ОБЪЕДИНЕНИЕ ЛИДЕРОВ НЕФТЕГАЗОВОГО СЕРВИСА И МАШИНОСТРОЕНИЯ РОССИИ
USD 93,44 -0,65
EUR 99,58 -0,95
Brent 0.00/0.00WTI 0.00/0.00

Проблемы инженерно-технического образования в СССР

Философ Петр Сафронов о дипломах советских инженеров, проблеме мелового преподавания и дискуссии физиков и лириков

В 2017 году в финал очередного конкурса «Инновации в образовании» вышел проект создания виртуальной химической лаборатории. Участники этого проекта обещали победить страшную проблему, так называемую меловую химию, то есть преподавание химического, физического, биологического содержания в школе и вузе без экспериментов и опытов, а только при помощи грифельной доски и мела, пластиковой доски и фломастера.

Удивительно, но ровно теми же словами основную проблему своей педагогической деятельности описывал один из наиболее выдающихся физиков начала XX века Виктор Васильевич Стратонов, один из выборных деканов Московского университета после революции 1917 года. Стратонов, вспоминая о том, как ему довелось преподавать в 3-й московской гимназии в 1903 году, говорил, что вызвал фурор у гимназистов, впервые показав им настоящий физический опыт. Гимназисты даже представить себе не могли, что можно учиться химии или физике не по учебнику, не наблюдая за унылым скрипом мела по грифельной доске, а работая с реактивами, изучая настоящие химические реакции, ставя физические опыты.

В то же время в Москве представитель видной купеческой семьи Николай Петрович Вишняков писал свои дневники. В них была глава, названная отчасти по-гётевски «Годы учения моего в Московском университете». Вишняков вспоминал о времени еще более раннем, о 1860-х годах. Но картина, которую рисовал он, была равно такой же, как и та, о которой говорили участники конкурса «Инновации в образовании» в 2017 году, и та, о которой вспоминает Стратонов применительно к 1903 году: все та же меловая химия, меловая физика и абсолютная невозможность для учащегося прикоснуться к чему-то руками.

Разумеется, было бы неисторично думать, что мы сегодня, в 2017 году, впервые эту проблему обнаружили. Уже в 1915 году, подчеркну, до Октябрьской революции и в годы Первой мировой войны, Комитет молодых преподавателей Императорского высшего технического училища специально собрался, чтобы разработать проект реформы технического образования в империи. Они даже выпустили книжечку, которая так и называлась. В ней говорилось, что довольно готовить инженеров-энциклопедистов, которые знают обо всем понемногу и умеют только писать формулы на доске, — нужно готовить настоящих инженеров, которые не боятся устройств, с которыми им приходится работать.

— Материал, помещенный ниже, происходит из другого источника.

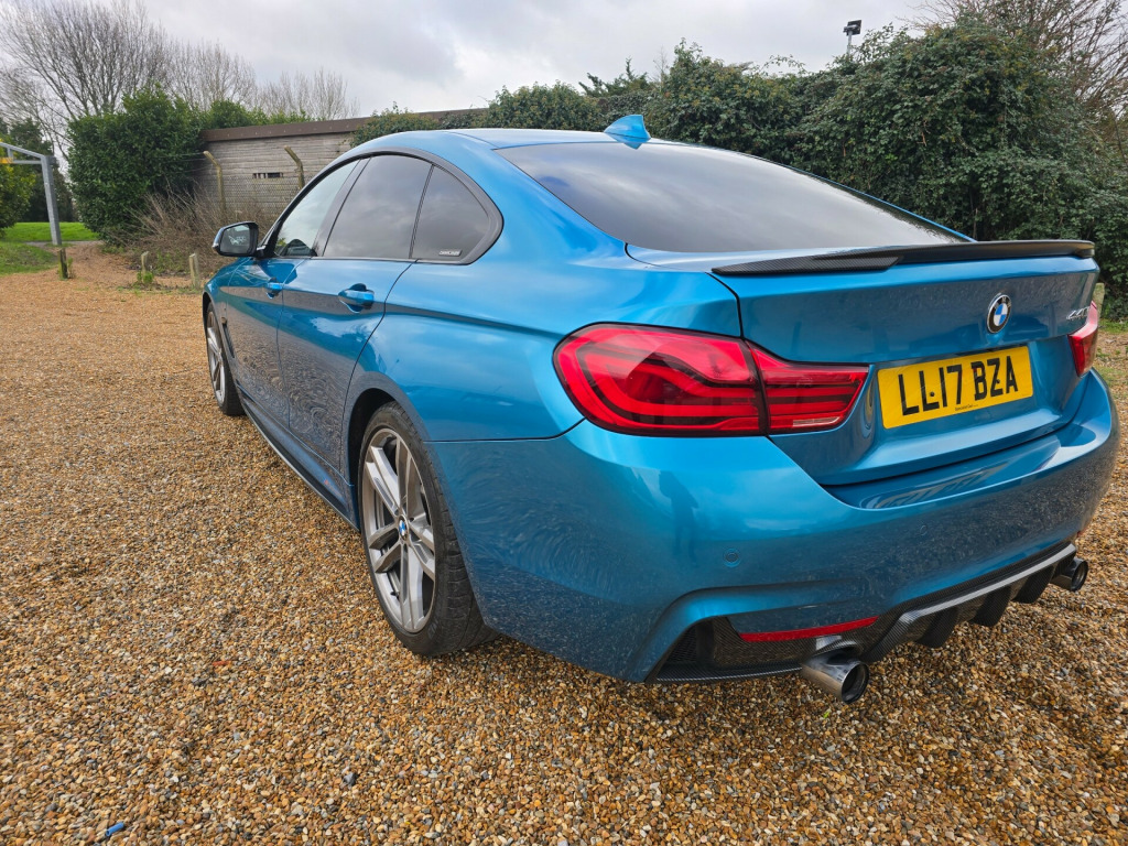 As an AA partnered garage, we take immense pride in offering you only the best. Every vehicle we sell is fully inspected and AA-approved, ensuring that there are absolutely no hidden issues. You can buy from us with complete peace of mind, knowing that we work hand-in-hand with AA to deliver top-notch quality. Plus, we include an AA warranty and breakdown cover for your added assurance. Your confidence in our dealership is our top priority. This 2017 BMW 4 Series Gran Coupe is a stunning hatchback with a powerful 3.0 440i M Sport Petrol engine with only 81273 miles on the clock. With 5 seats, 5 doors, and ULEZ compliant, this car is perfect for both city and long-distance driving. The MOT is valid until 03/12/2026, providing peace of mind for years to come. The stylish Snapper Rocks Blue exterior is complemented by the 19in Alloy Wheels and Electrically Folding and Anti-Dazzle Exterior Mirrors, while the Sun Protection Glazing adds a touch of luxury. With the added M Sport Plus Package, this car is a true head-turner, offering both style and performance. This car comes with Harman Kardon Premium Sound System. Reversing Camera. Electric Boot. Electric Memory Front Seats. Bmw Front and Rear Dash Cam fitted. Adaptive Led Headlights. Genuine Bmw M Performance Exhaust. Keyless Entry. Auto Fold Side Mirrors. 2x keys. Full BMW Service History 5 in total. Last full Service done 77k v power socket in front centre console and passenger footwell, bmw connecteddrive online services, bmw emergency call, bmw professional navigation, bmw teleservices, bluetooth hands-free facility with usb audio interface and audio streaming, dab digital radio, full black panel display, media package - bmw professional, real time traffic information, shark fin, 18in alloy wheels - m double spoke - 400m, air breather - black high gloss, direction indicator - side repeaters - integrated in exterior mirrors, direction indicator lenses - led, electric windows - front with open-close fingertip control - anti-trap facility and comfort closing function, exhaust tailpipes - dual left - with chrome finisher, exterior mirrors - heated - electrically adjustable, exterior parts in body colour, exterior trim - high-gloss shadowline, heat protection glazing with green tint, kidney grille - chrome with extra wide black - high gloss vertical slats, m aerodynamic bodystyling, m sport package, model designation, run flat tyres, side exterior m designation badges, tyres - reduced rolling resistance, windscreen washer jets - heated, windscreen with grey shade band, air conditioning - automatic with two-zone control, air conditioning and radio control panel in high gloss black, ambient lighting - switchable bmw classic orange - cold white - led, armrest - front - folding with storage compartment, bottle holders integrated into door trim storage compartments - front - up to 1 litre, central locking switch - doors - fuel filler cap - luggage compartment, centre armrest for rear seats - include two cup holders, centre console - panel highlight in chrome, cup holders - two in front with sliding lid, door sill finishers - m designation, extended lighting, floor mats - velour, glove compartment, glove compartment - opener with chrome trim, handbrake lever - gear knob in leather, headlining - anthracite, instrument cluster, interior lighting - front centre over interior mirror with soft-light and rear centre, interior trim - aluminium hexagon trim finishers with estoril blue matt highlight, luggage compartment - lashing eyes, luggage compartment - light, m sport instrument cluster, m sport multi-function leather steering wheel - three-spoke, non smoker package, personal profile, rain sensor with automatic headlight activation, rear seat headrests - two, seat adjustment - front electric with driver memory, seat heating for driver and front passenger, seats - 60-40 split folding rear, side armrests - front and rear integrated into door trim, sport seats - front, start-stop button with comfort go keyless engine start and auto start-stop deactivation button, steering column with manual reach and rake adjustment, storage compartment in rear centre console, sun visors with vanity mirrors and ticket holder, tailgate operation - automatic, toolkit located in luggage compartment, twin horns, welcome light, windscreen wipers - two-speed with adjustable intervals, airbags, alarm system - thatcham 1 with remote control and engine immobiliser, battery safety cut off, bumper system front and rear - replaceable deformation elements for impacts up to 9mph, child seat isofix attachment - rear with passenger airbag deactivation, crash sensor, dsc - dynamic stability control plus, dynamic brake lights, first aid kit and warning triangle, remote control with integrated key with insert in blue, seat belt security check for driver, side impact protection, three-point seat belts - all seats, visible vin, brake pad wear indicator - front and rear, condition based service, cruise control with brake function, eps - electric power steering, m sport suspension, obc - on-board computer, oil sensor for level and grade - warning by check control system, optimum shift indicator, pdc - park distance control - front and rear, rear suspension - five-link, servotronic steering, suspension - front aluminium, tyre pressure monitor with a three-level warning strategy, idrive controller - 8 favourite buttons, check control warning system for monitoring of lights and door-luggage compartment open warning, high level third brake light, led front foglights, led headlights, led tailights, lights-on warning by audio warning signal when ignition is switched off

В чем, по мнению авторов проекта 1915 года, была основная проблема? Для объяснения своей позиции они использовали сравнение опыта Российской империи с Германией и говорили о том, что если в Германии рост числа студентов сопровождается ростом числа денежных средств, которые государство тратит на каждого студента, то в России рост студенческого потока не сопровождается аналогичными финансовыми расходами. Таким образом, проблема, которая порождает меловое преподавание естественных дисциплин, была сформулирована уже тогда. Бедное государство просто не в состоянии обеспечить всех студентов, которые учатся на этих специальностях, достаточным количеством реактивов, достаточным количеством преподавателей, которые умеют ставить опыты.

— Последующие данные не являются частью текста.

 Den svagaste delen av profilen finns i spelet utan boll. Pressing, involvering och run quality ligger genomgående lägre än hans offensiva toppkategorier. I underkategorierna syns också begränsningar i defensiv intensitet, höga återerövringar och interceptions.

Но произошла революция. Она пообещала обновление не только антропологического проекта, не только политического порядка, но и начал технического образования. Уже в начале 1920-х годов, в 1920–1921 годах, проводятся серьезные работы, направленные на то, чтобы полностью перестроить образование в техническом училище и других крупных учебных заведениях технического профиля в России и других странах, которые образовали Советский Союз. Но попытки обновления наталкиваются на ту же самую проблему: недостаток преподавателей, умеющих работать с приборами и готовых отступить от традиционных, меловых технологий, а главное — и эта проблема не должна нас удивлять — неготовность государства финансировать затраты, необходимые для обновления технического парка и школ, и вузов. В 1922 году нарком просвещения Анатолий Луначарский пишет паническое письмо Ленину, спрашивая его: «Зачем, зачем же эти негодные профессора Московского технического училища жалуются на меня Рыкову и вам лично, утверждая, что я мешаю им работать? Ведь я всего-навсего хочу, чтобы они обновили свои преподавательские техники, чтобы они наконец отступили от привычного им чтения лекций и начали работать с приборами».

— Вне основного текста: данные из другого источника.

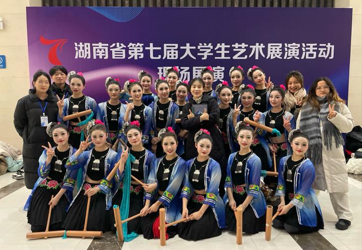 同时,《槌听侗音》作为音乐学院舞蹈学专业师生精心打造的原创作品,既是课堂衍生作品,也是教师与学生共同智慧的创新成果。该作品曾入围首届全国民族民间舞蹈创作汇演,获2021-2022年湖南省优秀舞蹈作品,参与湖南省高校民族民间舞教学经验交流研讨会,荣获第九届湖南省青年艺术节金奖;湖南省第七届大学生艺术展演专业乙组一等奖;第十七届北京市舞蹈大赛创作、表演三等奖等。并在广西民族大学、华南师范大学、陕西师范大学、吉首大学张家界学院等高校毕业晚会中成为学习剧目展演,得到外界同行对于作品的肯定。

Эта же история повторяется в 1930 году, когда наркомом уже был Бубнов, а не Луначарский, и в 1958-м, когда планируется очередная реформа советского образования. То есть на протяжении всей истории мы видим, как тот или иной политический деятель сталкивается с необходимостью объяснить, почему, невзирая на декларации об обновлении советской высшей школы и средней, проблема мелового преподавания основных предметов естественно-научного цикла остается без изменений. Как можно ответить на этот возникающий из документов вопрос?

Пожалуй, можно назвать две основные причины сохраняющегося господства меловой химии и меловой физики. Первая заключается в том, что задача инженерного образования и технического образования в целом в Советском Союзе была не столько утилитарной, сколько идеологической: инженеры представлялись профессией, которая максимально далека от политических дискуссий, от бесплодных умствований, и поэтому инженеров нужно было готовить не для того, чтобы они стали инженерами, а для того, чтобы они не стали историками, философами или, хотя это слово не из лексикона советской эпохи, интеллектуалами.

Инженерное образование, решающее задачу деинтеллектуализации пространства школы, будь то средней или высшей, было с успехом построено. Но оно имело одно неприятное следствие, которое стало ключевым препятствием на пути формирования действительно современной технической школы. Следствие это заключалось в том, что инженеры, получившие соответствующий диплом в советских вузах, часто не шли работать по своей специальности. В докладной записке о состоянии технического образования в РСФСР в 1968 году представители Министерства образования указывают, что почти 70% людей с дипломом инженера не работают по профессии, которую они получили. Им приходится заниматься ожиданием в очередях, подписыванием документов, согласованием, ожиданием выдачи материалов и так далее. Таким образом, инженерная профессия становится своего рода выражением для неопределенного полубюрократического, полунеквалифицированного труда, связанного с бессмысленной тратой своего времени.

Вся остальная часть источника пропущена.